Нас встретил помощник директора, беспартийный специалист по сахароварению. Прежде работал он на заводе мастером, потом стал хозяином, приобрел семью и сбережения. Большевики сбережения забрали, семью оставили и велели ему работать на заводе за жалование. Был он человеком полезным и нужным, и его терпели, хотя к социализму он не высказывал пристрастия. Судя по его привычкам к сытной еде и семейной жизни, он не был сторонником социализма в одной стране, тем более во многих странах.

— Да, это очень печально, очень печально… — повторял он без всякого чувства, выслушивая наш рассказ про сдохшую кобылу.

— Что лошадь! — продолжал он, провожая нас к себе домой. — На селе теперь и живых мужиков мало осталось. К нам пригоняют теперь на время сева из города счетоводов и машинисток… Жалко смотреть, как они обращаются с землей.

Он привел нас в столовую, где на видном месте стоял под скатертью большой стол и много лишних стульев, тяжелый буфет подпирал стену, граммофонный столик с раскрытыми крыльями для пластинок теснился в темном углу, а для человека не было здесь места.

— Вы садитесь к столу, я вас хорошо накормлю, — сказал он весело, и пошел звать жену и дочь. Но очень скоро он вернулся сконфуженный.

— Напрасно я им сказал о вас. Теперь наверно все зеркала перебьют пока оденутся. Они ведь тоже несчастные — всегда со скотиной, а человека не видят. — Но не успел он сказать всего, что хотел, как в комнату вошла женщина, не старая еще, но уже померкшая, принуждавшая себя смеяться. И эта гримаса делала некрасивым ее красивое лицо. Она видимо горела нетерпением скорее рассказать нам о самой себе как можно больше, выставляя себя с выгодной стороны.

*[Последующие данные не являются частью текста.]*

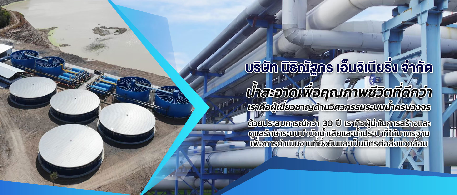 บริษัท นิธิณัฐกร เอ็นจิเนียริ่ง จำกัด ก่อตั้งขึ้นเมื่อ พ.ศ. 2523 ด้วยความมุ่งมั่นที่จะเป็นผู้นำด้านวิศวกรรมระบบน้ำ เราได้สั่งสมประสบการณ์และความเชี่ยวชาญมาอย่างต่อเนื่องเพื่อตอบสนองความต้องการของลูกค้าในทุกอุตสาหกรรม เราเชื่อมั่นว่าการจัดการระบบน้ำที่มีประสิทธิภาพ คือหัวใจสำคัญของการพัฒนาองค์กรที่ยั่งยืนและมีส่วนร่วมในการดูแลโลกของเราและด้วยความมุ่งมั่นในคุณภาพและประสิทธิภาพ เราจึงได้รับความไว้วางใจจากลูกค้าทั้งหน่วยงานภาครัฐและภาคเอกชนมากมาย นอกจากนี้ ระบบการทำงานของเรายังได้รับการรับรองตามมาตรฐานสากล ISO 9001:2015 ซึ่งเป็นเครื่องยืนยันถึงกระบวนการบริหารงานคุณภาพสูงสุด และความรับผิดชอบในทุกขั้นตอนที่เราให้บริการ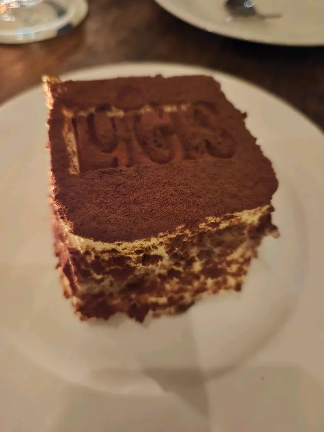 這款經典的意大利甜品呈現得十分精緻。濃郁的咖啡味與柔滑的馬斯卡彭奶酪完.美結合,口感輕盈而不膩。上面的可可粉增添了香氣。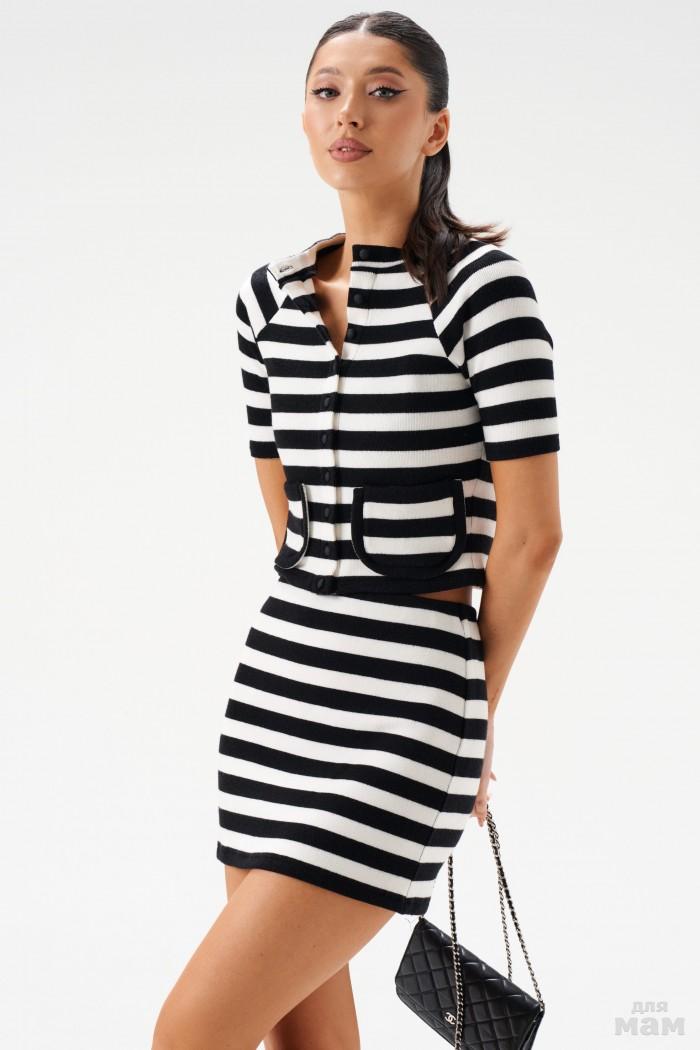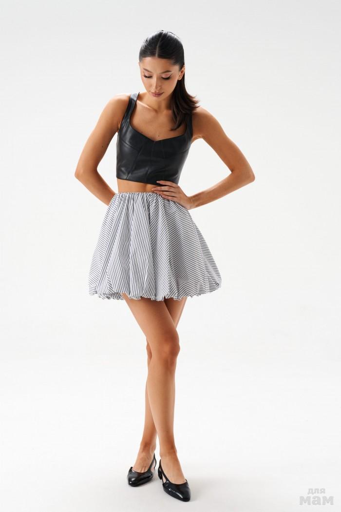 Топ прилегающего силуэта выполнен из фактурного полотна.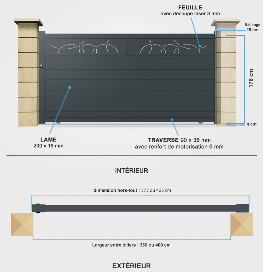 Idéal pour fermer votre propriété, ce portail aluminium coulissant à motifs floral offre un excellent rapport qualité prix, il allie une grande robustesse et une parfaite tenue dans le temps. Il ne nécessitera aucun entretien et résistera parfaitement aux conditions climatiques les plus défavorables (pluie, gel, neige, soleil...). Composé de profils aluminium thermolaqués sablés sa durée de vie sera bien supérieur à celle d'un portail pvc ou bois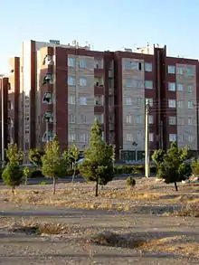Mehr project, designed in 2007, aimed to cover a part of house shortage through building of around 2 million housing units within 5 years.[14] As of January 2011, the banking sector, particularly Bank Maskan has given loans up to 102 trillion rials ($10.2 billion) to applicants of Mehr housing project.[15][16] Under this scheme real estate developers are offered free lands in return for building cheap residential units for first-time buyers on 99-year lease contracts. The government then commissioned agent banks to offer loans to the real estate developers to prepare the lands and begin construction projects in an attempt to increase production and create equilibrium in the supply and demand curve (2008). Close to 400,000 units have been built and permits have been issued for another 12,000.[17] Mehr Housing project is expected to provide 600,000 residential units in its first phase.[18] About 3.7 million people have so far registered for Mehr Housing Plan (2008). About 10 million rials is to be paid by applicants for preparing the land and another 10 million to be given by the government in the form of banking facilities. Applicants should pay about 20 percent of the construction costs. In addition, about 140 million rials worth of housing loans will be granted to them (10,000 rials=1 USD in 2008).[19] While most Iranians have difficulties obtaining small home loans, 90 persons have managed to secure collective facilities totaling $8 billion from banks. Problems regarding lack of utilities has been reported for the project, including lack of access to water, power, gas, and sewerage lines.[14] Starting in 2014, the Mehr housing scheme will be taken off the balance sheet of the Central Bank of Iran. The government of President Rouhani announced that by 2017 the Mehr housing project will be replaced with cheap loans to needy families with the stated objective to build only 150,000 homes on a yearly basis.[20]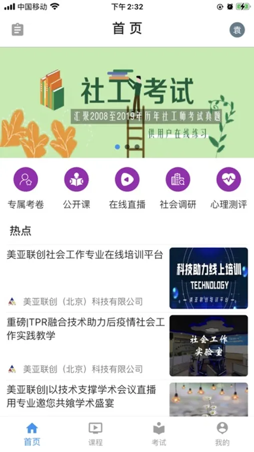 社会工作资源库是美亚联创面向广大社会工作从业者的一个开放平台,该平台提供提供专业的社会工作相关资源。涵盖社工考试、公开课堂、行业大赛、学术会议等相关资源。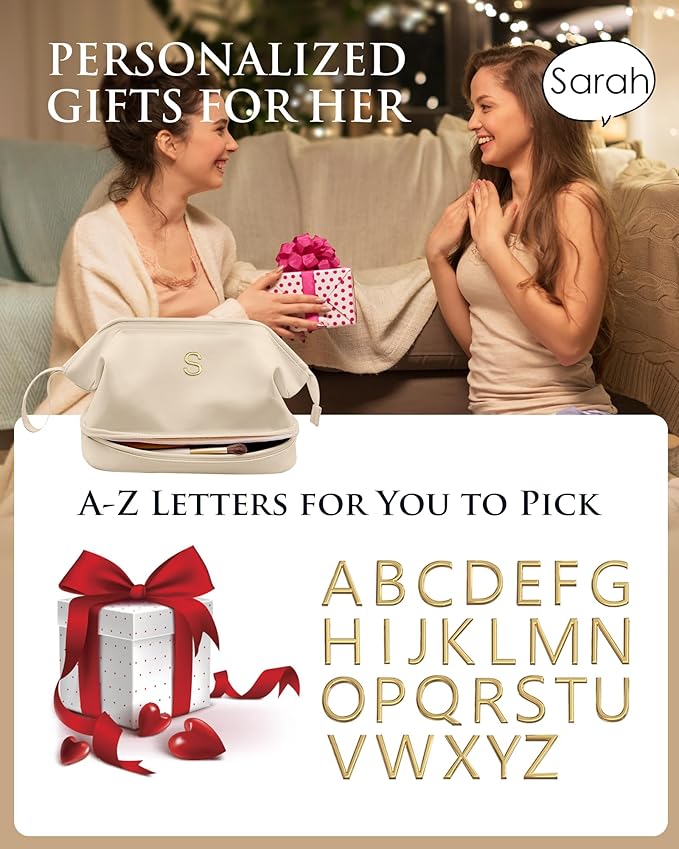 Initial Makeup Bag, Women Gifts, Personalized Double Layer Cosmetic Bag with Makeup Brush Organizer, Waterproof, Large Capacity PU Leather Travel Toiletry Bag Gifts for Friends Female Mom

— Как приятно встретить интеллигентных людей, — говорила она упавшим голосом. — Я раньше тоже была интеллигентная и все принимали меня за дворянку, а теперь меня все принимают за доярку… — и она с усилием засмеялась.

— Вы не подумайте, что я отсталый человек с предрассудками; у меня дочь комсомолка. Но я все же не могу понять, почему теперь нигде нельзя услышать хорошего слова. Поверьте мне, я скучаю не по людям, а по хорошим словам. Откуда берется у людей столько сквернословия и ругательства, и как это носят они такую грязную тяжесть у себя на сердце! Точно плохие слова лучше, чем хорошие…

Она, по-видимому, находилась под свежим впечатлением и мучилась обидой.

— Вот моя дочь не похожа на меня — ей все равно. Ее, например, обижает нежность и ласка. «Какие вы мещане!», возмущается она, когда я хочу ее приласкать.

— Что ты на меня доносишь! — запротестовала девица входя в столовую. Рыжие волосы на ней горели, высоко приподнятая грудь тяжело перемещалась при каждом движении. Это была здоровая девица, полная неизрасходованных еще сил и желаний. Она имела привычку прищуривать свои светлые глаза, как будто присматриваясь к чему-то и, в тоже время, не прекращала говорить:

— Одни родители относятся к своим маленьким детям, как к большим, а другие — к большим, как к маленьким. Мои родители Все еще относятся ко мне, как к маленькой, а мне это противно. Я всегда на активной работе среди рабочих и мужиков, и привыкла ко всему. Я давно заметила, что чем обходительней человек и осторожней в выборе слов, тем он хитрей и подлей…

Все примолкли, никто не решался возражать. Наконец принесли тарелки, хлеб и кипящий борщ в большом котле. Хозяин дома осторожно протягивает к каждому горло бутылки и сам быстро пьянеет.

— Вот видите, — говорит он едва слышно, боязливо оглядываясь, чтобы не услышала дочь. — Кормят нас хорошо, а душа неспокойна. Живем мы здесь, как под арестом и никто меня за человека не считает. Даже моя собственная дочь! Но, все же, хорошо, что она в комсомоле и, к тому же, не дурна собой…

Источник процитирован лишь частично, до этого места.